= Laurie Fitzhardinge =

Australian historian and librarian

Laurence Frederic Fitzhardinge (7 July 1908 – 31 October 1993) was an Australian historian and librarian. He was known as a pioneer of the Australian Dictionary of Biography, and also as the official biographer of Billy Hughes (the eleventh Prime Minister of Australia).

==Biography==
Fitzhardinge was born in Chatswood, New South Wales. He was educated at the Sydney Church of England Grammar School before going on to the University of Sydney, where he graduated with a B.A. in 1930. He specialised in Classics, and continued his studies at New College, Oxford, where he was awarded a B.A. (Oxon) in 1932 and a B.Litt in 1933. Returning to Australia, in 1934 Fitzhardinge began working at the Commonwealth National Library as the research officer responsible for Australian collections. He compiled two major bibliographies of Australia, and helped expand the library's manuscript collection.

From 1944 to 1945, Fitzhardinge was seconded to Canberra University College to teach Australian history to diplomatic cadets; one of his students there was Donald Horne. He was appointed a classics lecturer at the University of Sydney in 1945, and also began the research that would lead to the creation of the Sydney University Press. In 1951, Fitzhardinge returned to Canberra to work at the fledgling Australian National University (ANU), as a reader in Australian history. He began compiling an Australian biographical register in 1954, and with the support of Sir Keith Hancock began to advocate for the creation of a national dictionary of biography. The result of his lobbying was the Australian Dictionary of Biography, which published its first edition in 1966.

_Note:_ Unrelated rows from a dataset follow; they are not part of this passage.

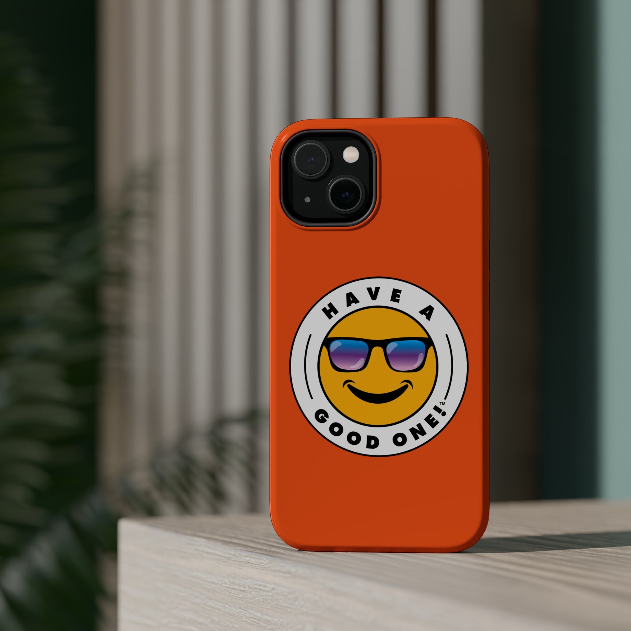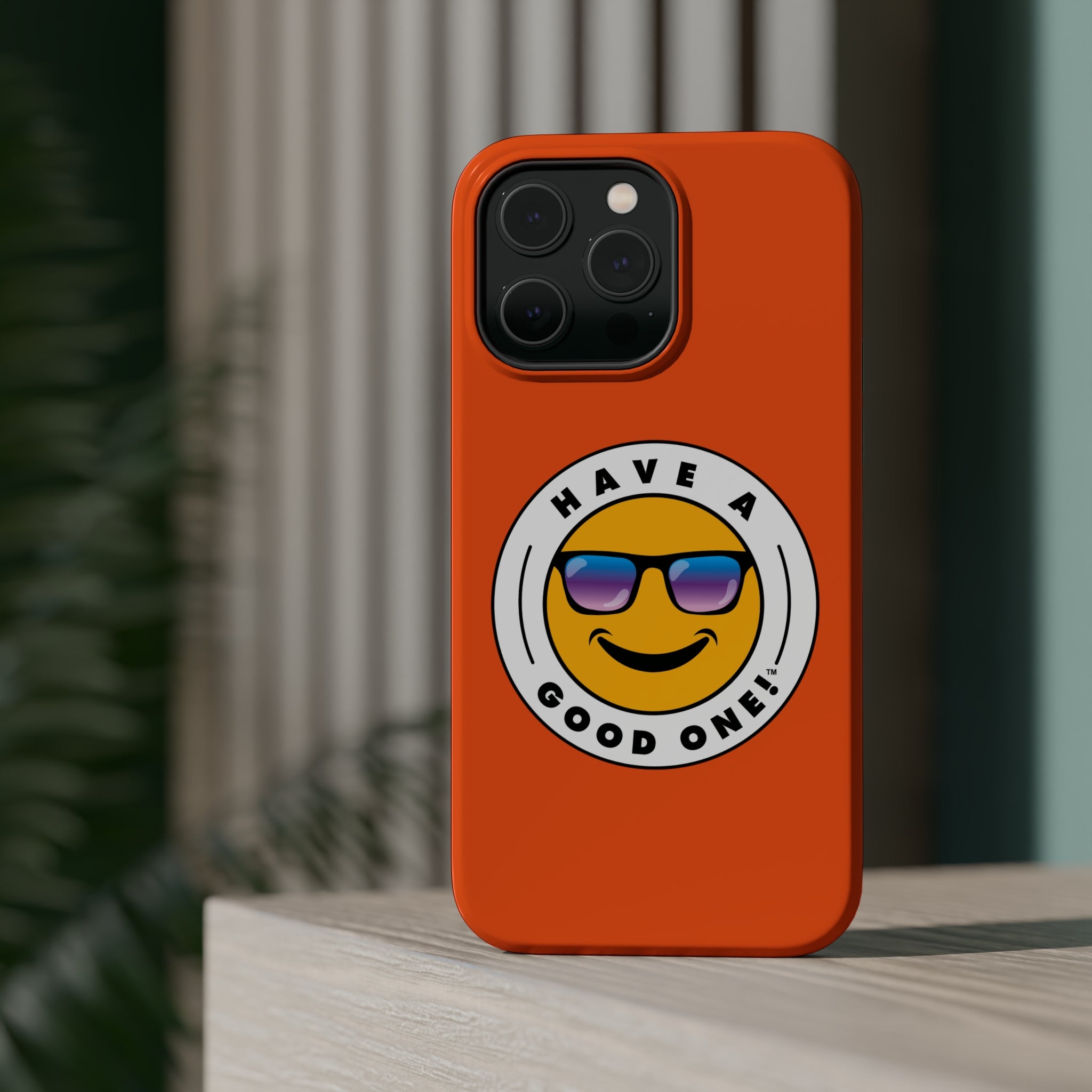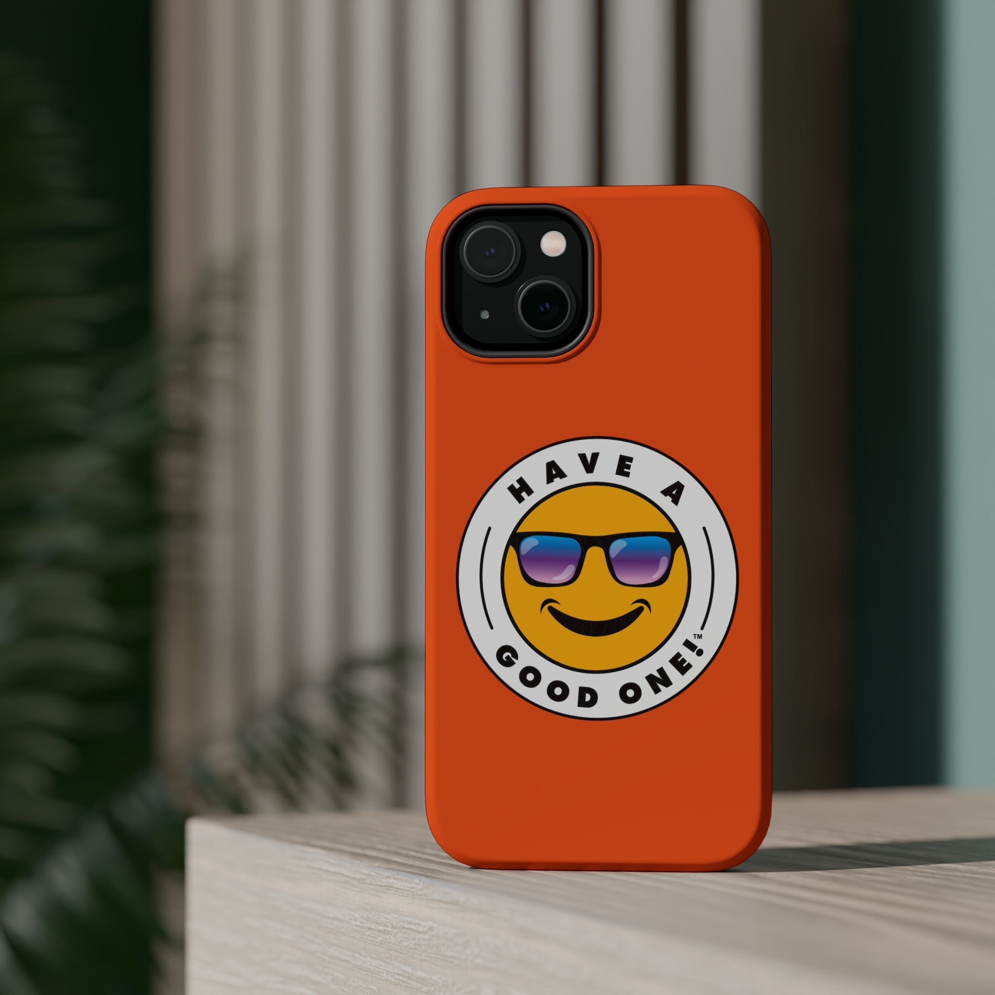 Have fun on the run with our Have A Good One phone cases! Wherever you go this phone case is sure to brighten your day and bring a smile to your face! This is where aesthetics meet function with our MagSafe case. This case delivers impeccable phone protection thanks to its durable, flexible, impact-resistant nature. It has an outer polycarbonate shell and inner black lining to protect against scratches and minor bumps. Each case comes with an embedded magnet to enhance compatibility with Apple MagSafe accessories. The case is available in glossy or matte finish so you can select which one you prefer. We have all of the popular sizes so you are sure to find the best fit for your phone. Lots of vibrant and fun colors to choose from which will surely make you feel the Have A Good One vibe every time you use it!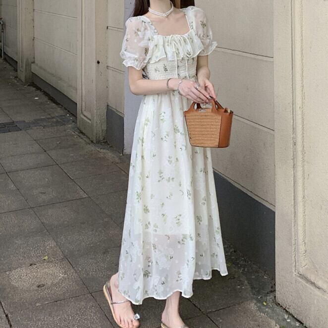 リゾートワンピース 花柄 ロングワンピ 体型カバー シースルー かわいい おしゃれ 半袖ワンピ レディース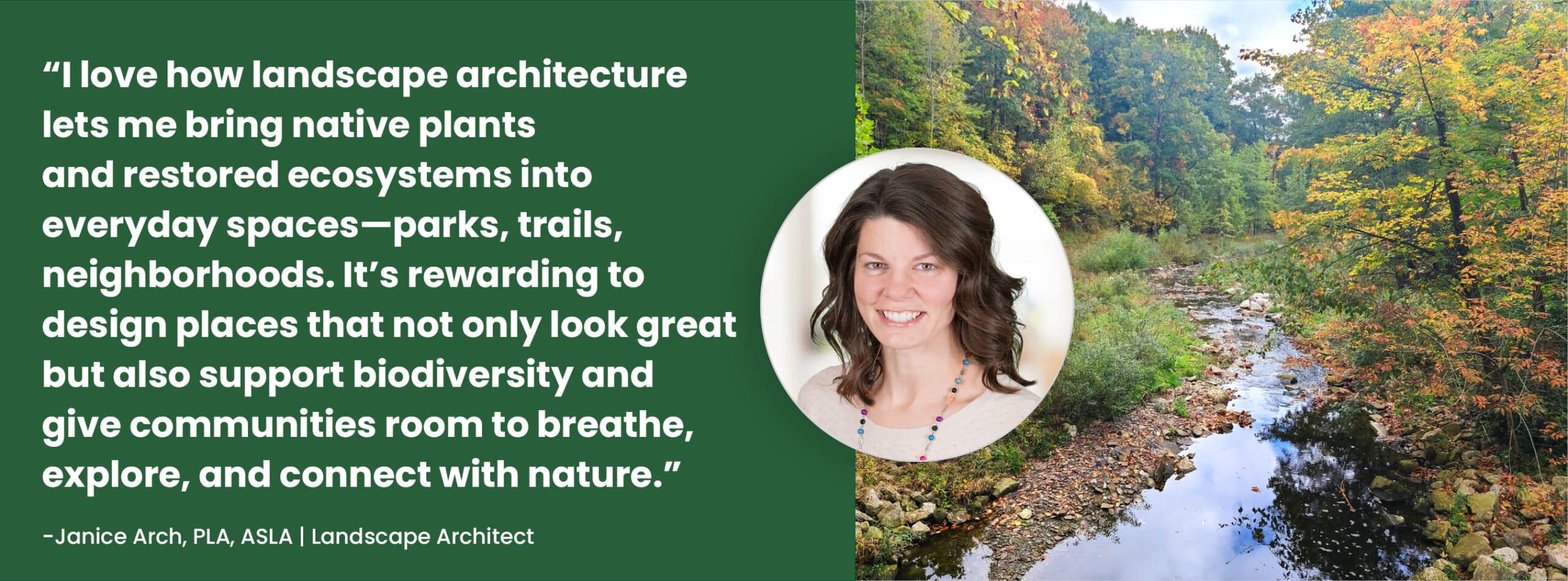 Our team of landscape architects is redefining communities by transforming landscapes. In honor of Landscape Architecture Month, we spoke to our team about what goes into designing spaces that seamlessly integrate the built and natural environment. Through their insights, we explore how thoughtful design positively impacts and benefits the community.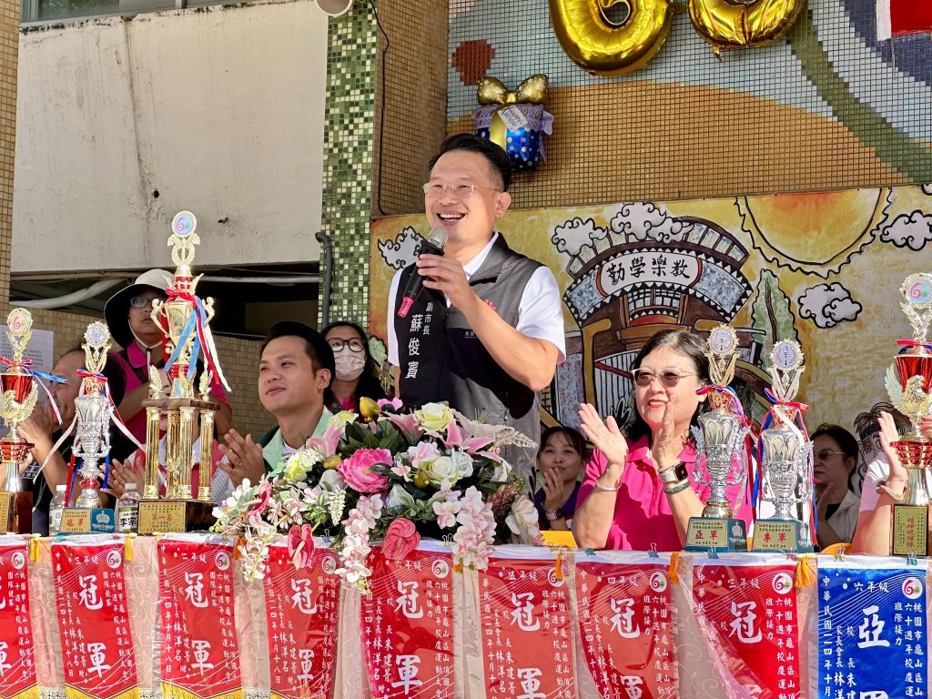 蘇俊賓致詞時特別跟現場師生分享「山頂」地名的由來,他表示山頂國小因山頂村為名,因地處龜崙山與桃園交界之高處而得名,雖然並非真正位於山頂,但六十年來深耕教育,無論在國語文競賽、閩南語教學、歌謠推廣、跆拳道及兒童繪畫比賽等領域,皆屢創佳績,充分展現學生多元學習成果與教師專業的付出。蘇俊賓也讚譽山頂國小是「龜山之頂、龜山首屈一指的優質學校」,並表示「山頂不只是地名,更象徵卓越與頂尖,是龜山的驕傲!」

Fitzhardinge retired from ANU in 1973. He was elected a Fellow of the Australian Academy of the Humanities in 1983 and a Fellow of the Royal Australian Historical Society in 1987. In retirement, Fitzhardinge lived on a farm near Queanbeyan, New South Wales, which he and his wife Verity Hewitt (married 1936) had bought in 1959. He died in Queanbeyan in 1993, aged 85, of heart disease.

==Works==
Fitzhardinge authored several chapters in Nation Building in Australia (1941), a biography of Sir Littleton Groom. In 1951, a year before he died, former prime minister Billy Hughes appointed him as his official biographer. Hughes' biography became Fitzhardinge's magnum opus, taking him almost 30 years of research to compile (amid complaints from Dame Mary Hughes). Titled William Morris Hughes: A Political Biography, it was published in two volumes: That Fiery Particle, 1862–1914 (1964) and The Little Digger, 1914–1952 (1979). Fitzhardinge's other major work was The Spartans (1980), a survey of art in ancient Sparta.